BEGIN Exercise materials

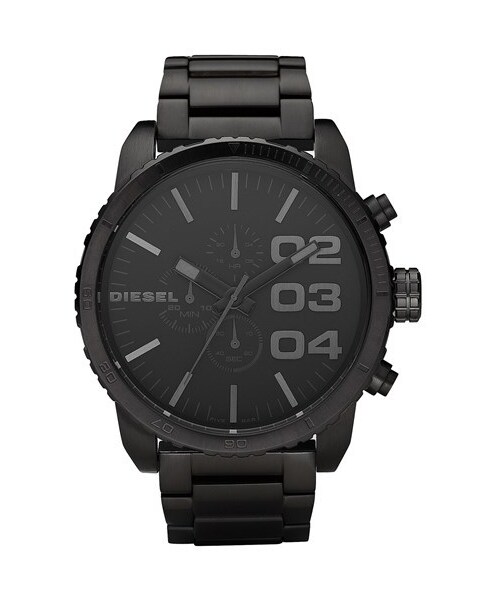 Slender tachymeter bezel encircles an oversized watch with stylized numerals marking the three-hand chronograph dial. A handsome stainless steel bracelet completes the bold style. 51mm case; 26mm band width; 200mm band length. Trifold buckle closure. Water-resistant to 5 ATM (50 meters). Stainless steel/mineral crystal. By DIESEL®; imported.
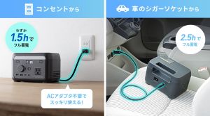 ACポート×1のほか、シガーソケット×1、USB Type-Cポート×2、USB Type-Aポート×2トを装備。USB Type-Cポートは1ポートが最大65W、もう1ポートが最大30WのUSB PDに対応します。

END Exercise materials
BEGIN Exercise materials

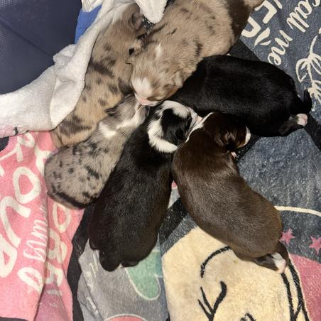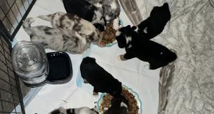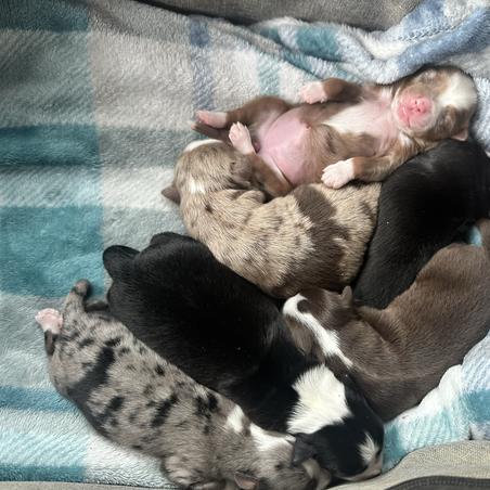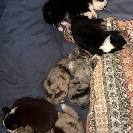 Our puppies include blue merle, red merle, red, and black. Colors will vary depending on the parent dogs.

END Exercise materials

● Problem to work on:
For this exercise, please set down exactly the lines of the listing above from the line with "Slender tachymeter bezel" up to and including the line with "ACポート×1のほか、シガーソケット×1、USB Type-Cポート×2、USB Type-Aポート×2トを装備。USB", and no pictures.

● Exercise output:
 Slender tachymeter bezel encircles an oversized watch with stylized numerals marking the three-hand chronograph dial. A handsome stainless steel bracelet completes the bold style. 51mm case; 26mm band width; 200mm band length. Trifold buckle closure. Water-resistant to 5 ATM (50 meters). Stainless steel/mineral crystal. By DIESEL®; imported.
 ACポート×1のほか、シガーソケット×1、USB Type-Cポート×2、USB Type-Aポート×2トを装備。USB Type-Cポートは1ポートが最大65W、もう1ポートが最大30WのUSB PDに対応します。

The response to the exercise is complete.